In October 2009, the FASB issued ASU 2009-14, Software (Topic 985):Certain Revenue Arrangements that
Include Software Elements. This guidance modifies the scope of FASB ASC subtopic 985-605, Software-
Revenue Recognition, to exclude from its requirements non-software components of tangible products and
software components of tangible products that are sold, licensed, or leased with tangible products when the
software components and non-software components of the tangible product function together to deliver the
tangible product’s essential functionality. ASU 2009-14 is effective for fiscal years beginning on or after June 15,
2010. We do not expect the adoption of ASU 2009-14 to have a material impact on our Consolidated Financial
Statements.
(2) FAIR VALUE MEASUREMENTS
Fair value is the price that would be received from selling an asset or paid to transfer a liability in an orderly
transaction between market participants at the measurement date.
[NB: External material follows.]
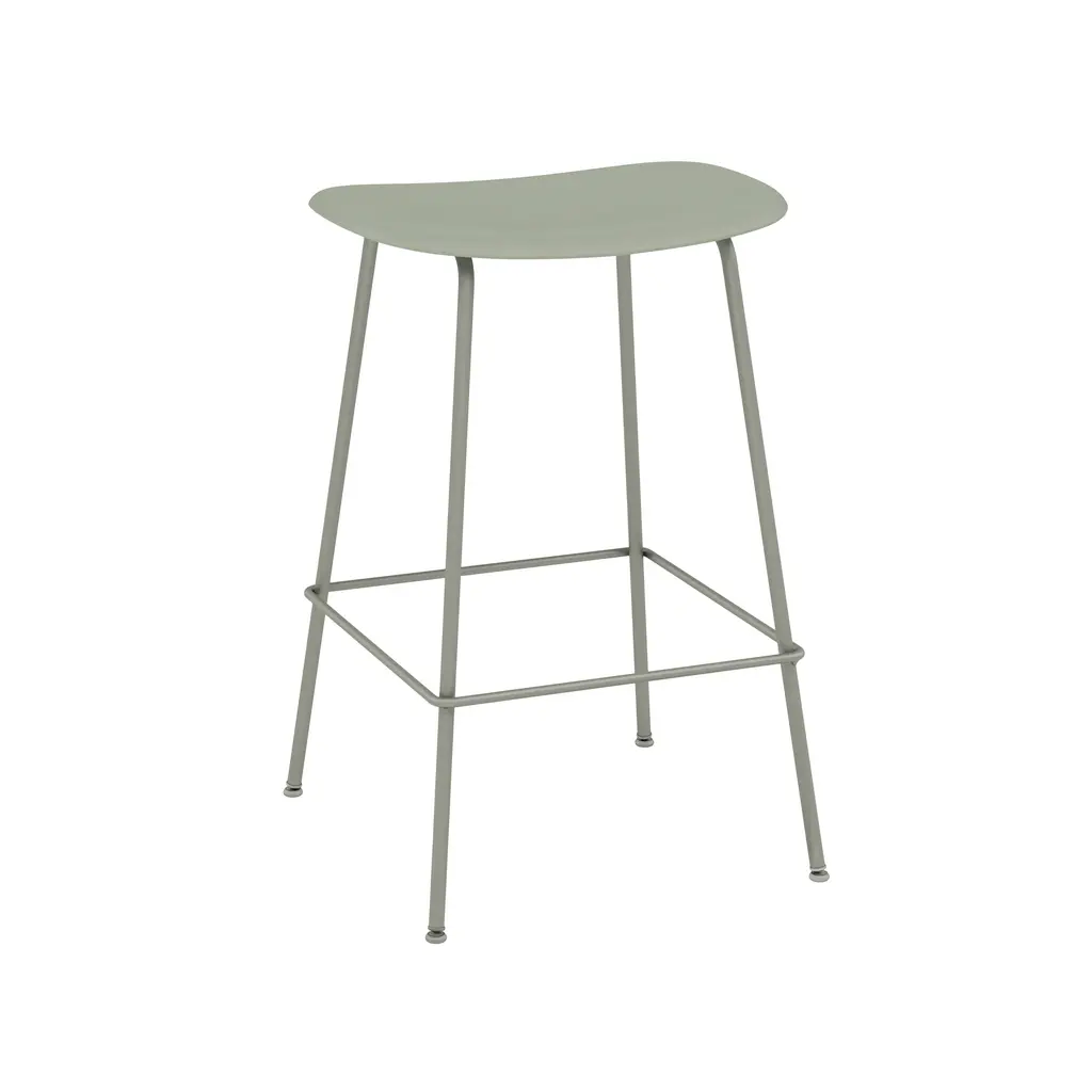 With a visually uncomplicated character, this Fiber barstool features a steel tube base with a powder-coat finish that's color-matched to its molded seat. Adhering to the DNA of Danish brand Muuto's series from designers Iskos-Berlin, this innovative riff on the iconic Scandinavian shell chair utilizes a novel plastic composite made with 25 percent wood fibers. The material has a pleasingly variegated texture and makes for sturdy but refined seating barside or at a kitchen island.

When determining fair value, we consider the
principal or most advantageous market in which we would transact and consider assumptions that market
participants would use when pricing the asset or liability. We measure certain financial and nonfinancial assets
and liabilities at fair value on a recurring and nonrecurring basis.
Fair Value Hierarchy
The three levels of inputs that may be used to measure fair value are as follows:
Level 1. Quoted prices in active markets for identical assets or liabilities.
Level 2. Observable inputs other than quoted prices included within Level 1, such as quoted prices for
similar assets or liabilities, quoted prices in markets with insufficient volume or infrequent transactions
(less active markets), or model-derived valuations in which all significant inputs are observable or can be
derived principally from or corroborated with observable market data for substantially the full term of the
assets or liabilities.
Level 3. Unobservable inputs to the valuation methodology that are significant to the measurement of the
fair value of assets or liabilities.